- _TASK STATEMENT_
Which lines run from the one containing "In this recipe, we'll" to the end of the entries? Copy them exactly, both ends included, and give nothing else.

- _INPUT FOR THIS TASK_
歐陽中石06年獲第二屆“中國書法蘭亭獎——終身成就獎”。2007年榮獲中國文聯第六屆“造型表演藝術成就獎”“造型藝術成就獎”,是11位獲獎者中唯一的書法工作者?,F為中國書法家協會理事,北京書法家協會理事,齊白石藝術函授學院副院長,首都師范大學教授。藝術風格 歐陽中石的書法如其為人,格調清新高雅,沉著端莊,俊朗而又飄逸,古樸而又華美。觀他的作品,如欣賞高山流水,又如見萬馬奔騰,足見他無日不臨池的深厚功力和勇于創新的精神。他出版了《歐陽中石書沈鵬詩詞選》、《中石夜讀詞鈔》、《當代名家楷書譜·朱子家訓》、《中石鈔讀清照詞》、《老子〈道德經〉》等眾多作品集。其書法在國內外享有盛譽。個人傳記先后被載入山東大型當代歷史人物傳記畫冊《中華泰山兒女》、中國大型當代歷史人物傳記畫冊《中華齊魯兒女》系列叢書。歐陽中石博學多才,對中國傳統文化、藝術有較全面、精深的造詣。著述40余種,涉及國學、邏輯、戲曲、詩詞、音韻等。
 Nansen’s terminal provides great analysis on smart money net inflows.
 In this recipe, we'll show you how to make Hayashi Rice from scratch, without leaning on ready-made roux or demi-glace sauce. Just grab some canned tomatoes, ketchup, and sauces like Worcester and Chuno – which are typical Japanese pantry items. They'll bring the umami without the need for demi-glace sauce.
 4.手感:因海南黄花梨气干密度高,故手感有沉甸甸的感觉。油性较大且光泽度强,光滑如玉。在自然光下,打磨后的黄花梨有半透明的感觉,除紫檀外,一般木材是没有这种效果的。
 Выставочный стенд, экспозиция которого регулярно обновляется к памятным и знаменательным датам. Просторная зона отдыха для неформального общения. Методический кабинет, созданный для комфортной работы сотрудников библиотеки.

- _RESPONSE TO THIS EXERCISE_
 In this recipe, we'll show you how to make Hayashi Rice from scratch, without leaning on ready-made roux or demi-glace sauce. Just grab some canned tomatoes, ketchup, and sauces like Worcester and Chuno – which are typical Japanese pantry items. They'll bring the umami without the need for demi-glace sauce.
 4.手感:因海南黄花梨气干密度高,故手感有沉甸甸的感觉。油性较大且光泽度强,光滑如玉。在自然光下,打磨后的黄花梨有半透明的感觉,除紫檀外,一般木材是没有这种效果的。
 Выставочный стенд, экспозиция которого регулярно обновляется к памятным и знаменательным датам. Просторная зона отдыха для неформального общения. Методический кабинет, созданный для комфортной работы сотрудников библиотеки.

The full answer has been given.